Anyone using MedGemma 27B?
Posted by DeGreiff@reddit | LocalLLaMA | View on Reddit | 20 comments
I noticed MedGemma 27B is text-only, instruction-tuned (for inference-time compute), while 4B is the multimodal version. Interesting decision by Google.
Suitable_Currency440@reddit
Testing so far. i know its an old thread but here is my two cents.
For consumers in general market.
1. Good for trying to explain easy concepts, it grasp well the knowledge of most basic pathologies.
2. Good for understanding why you need to use your medications and what they are for.
Where it lacks
1. Treatment, i've seen it almost get it right just enough to convince a person who is not on the field about the correct medication, but enough that if the person took it it would cause harm. So i would strongly advise against to follow its instructions on treatments.

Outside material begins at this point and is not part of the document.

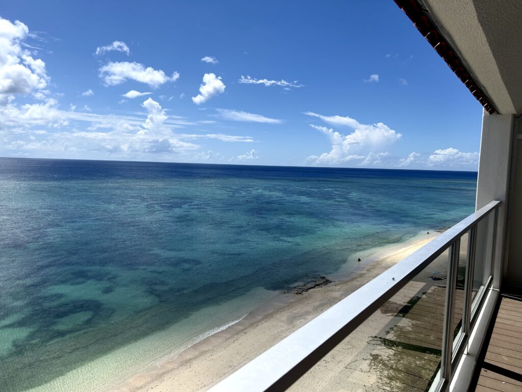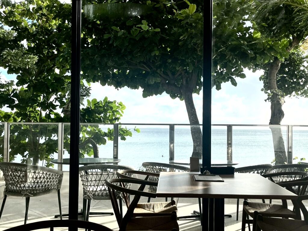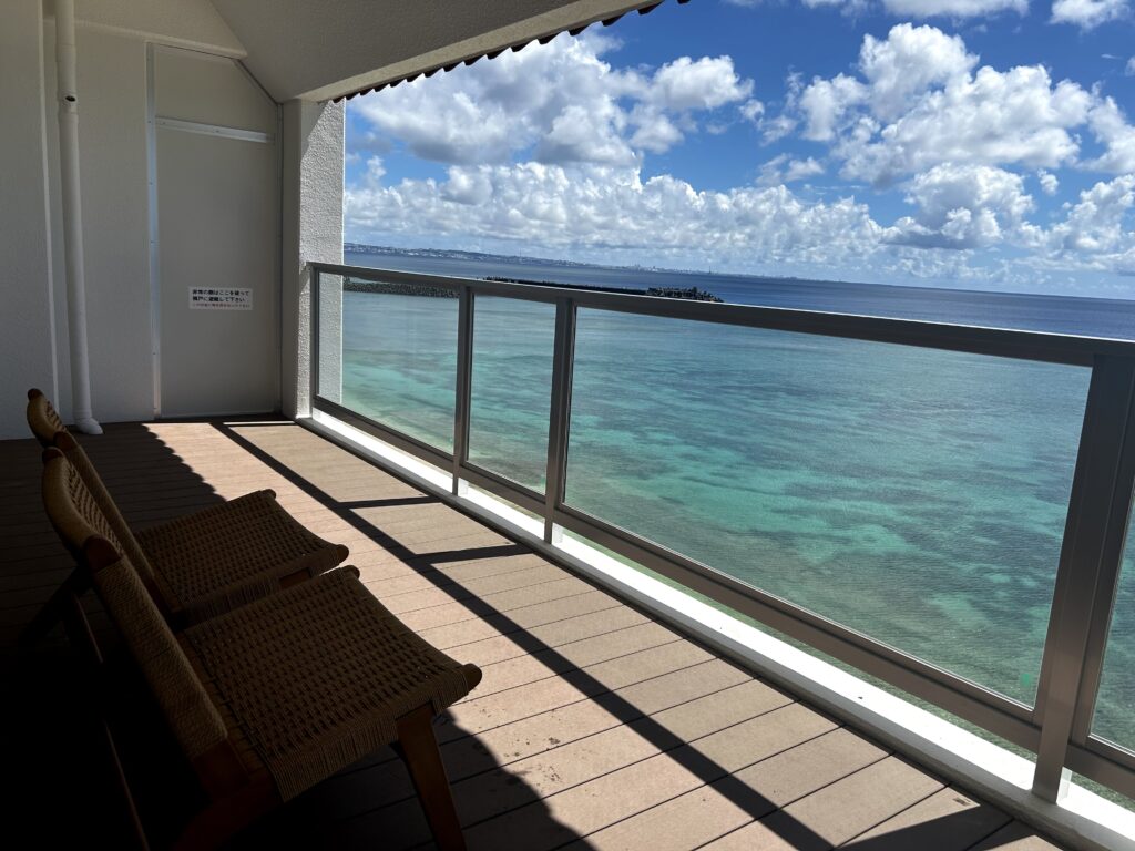 ベッドの前の窓を開けてテラスに出ると目の前のビーチが絶景です!

1.1. Tested on treatment on diabetes, pneumonia, rheymatology and immunology, it only advise correctly the easiest ones, but posology, the correct way, the correct medication sometimes it gets right, sometimes it gets wrong, so its very crude in these aspects.
2. Lab images: It finds easy to mid difficulty images in perplexity, can lack depth in harder images, ultrassound, ct, mri. As most people don't know when something should be there or shouldnt, i would not advise so much as reliable for this.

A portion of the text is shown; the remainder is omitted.